Value Line, execs paying $45M to settle with SEC
WASHINGTON (AP) - Investment adviser Value Line Inc., its CEO
and its former compliance chief have agreed to pay about $45
million to settle regulators' allegations the firm charged more
than $24 million in bogus commissions on mutual fund trades.
The Securities and Exchange Commission announced the settlement
with Value Line, a firm that is well known in financial circles for
its analytical publications and that also manages mutual funds. New
York-based Value Line, chief executive Jean Buttner and former
chief compliance officer David Henigson didn't admit or deny the
SEC's charges in agreeing to the accord.
Value Line is paying a $10 million civil fine and about $24.2
million in restitution plus $9.5 million in interest. Buttner and
Henigson are paying civil fines of $1 million and $250,000,
respectively. The two also were barred from working for any
brokerage firm or investment adviser or as officers or directors of
any public company.
NASDAQ:VALU Updated: 15:57 ET 28.25 -1.06 |
The SEC alleged that from 1986 to November 2004, Value Line
channeled a portion of the mutual fund trades to its brokerage
business, Value Line Securities Inc., in a so-called ``commission
recapture program.''
Value Line arranged for unaffiliated brokers to execute the
trades at a discounted commission rate of a penny or two per share.

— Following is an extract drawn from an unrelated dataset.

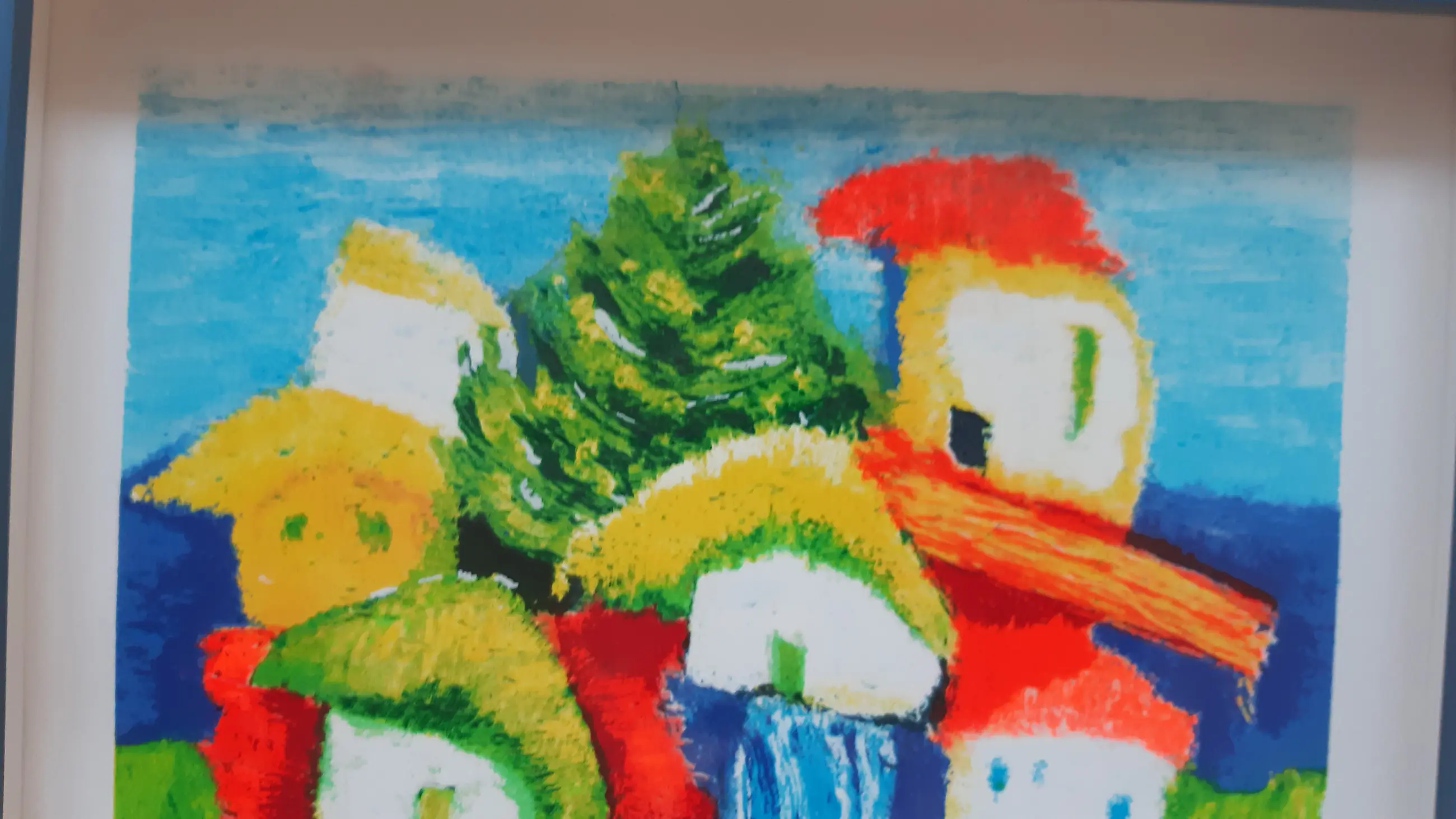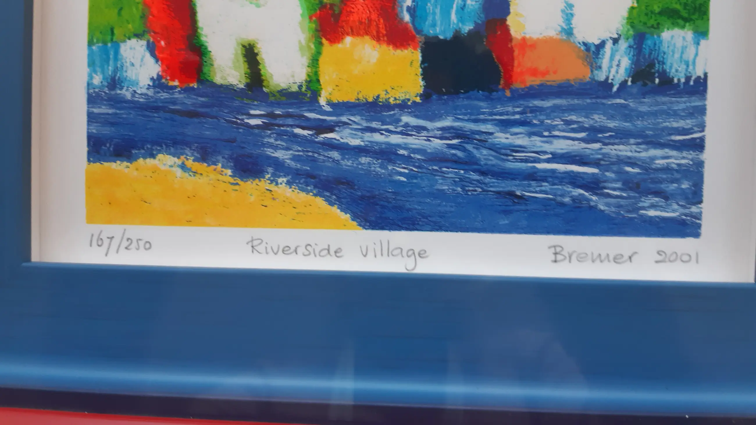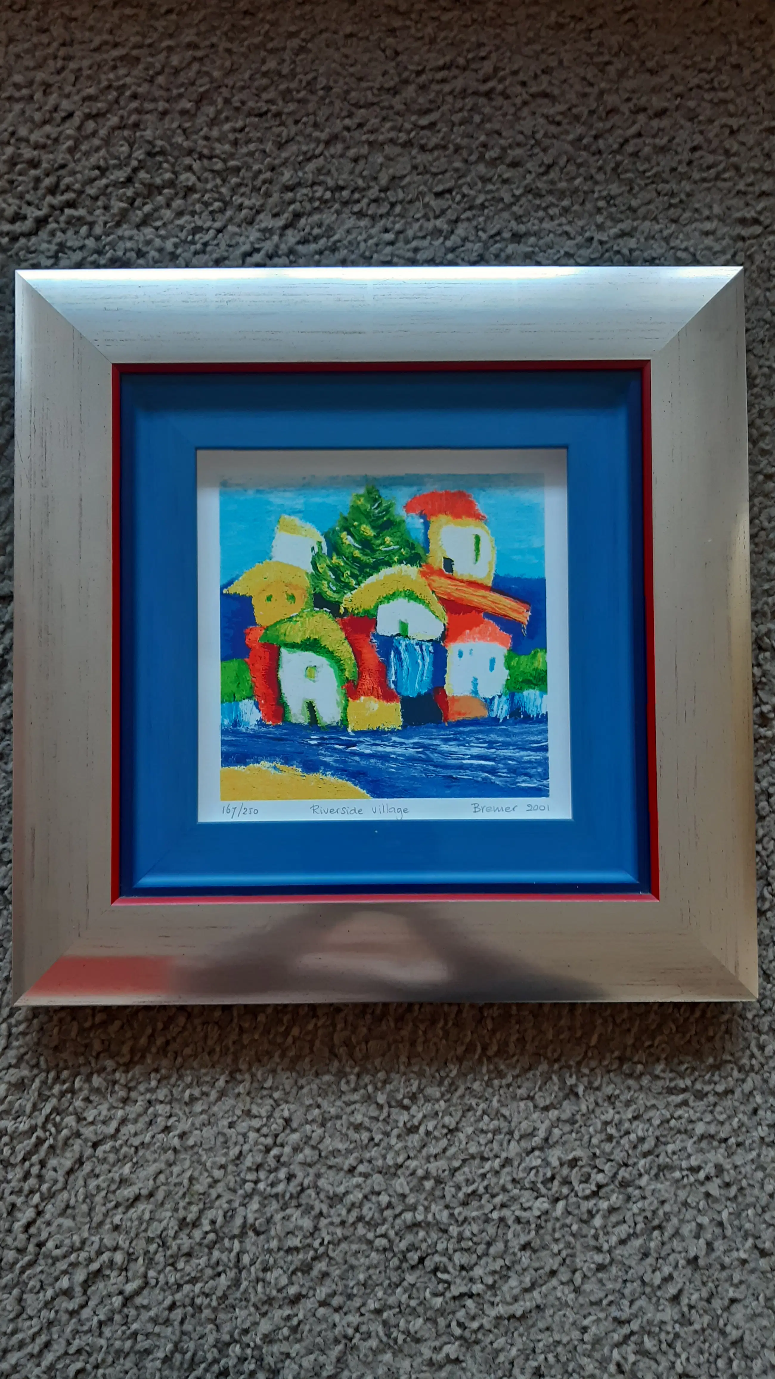 Dit mooie werkje van Saskia Bremer komt door de inlijsting nog mooier uit dan het al is: het is verdiept ingelijst met een blauwe lijst en daarom heen nog een mooie zilverkleurige lijst (rood geaderd) met rood accentrandje aan de binnenkant, waardoor het geheel het effect heeft van een kijkdoosje

But rather than passing the discount on to the mutual funds, the
SEC said, Value Line had the outside brokers bill the funds 0.048
cents per share and then ``rebate'' 0.028 cents to 0.038 cents a
share to Value Line Securities.
Altogether, Value Line Securities received more than $24 million
in phony brokerage commissions in this scheme while not performing
any real brokerage services for the funds on those trades,
according to the SEC. Value Line falsely advised the funds'
independent directors and shareholders that Value Line Securities
provided genuine brokerage services for the commissions it
received, the agency said.
``Value Line misappropriated millions of dollars from the mutual
funds they managed by artificially allocating fund trades and then
charging the funds for phantom brokerage services,'' SEC
Enforcement Director Robert Khuzami said. ``Such blatant wrongdoing
will not be tolerated.''
Value Line said in a statement that the brokerage fees in
question comprised less than 1.5 percent of its total revenue
during the period. Management ended Value Line's associated
brokerage practice in 2004, the statement said.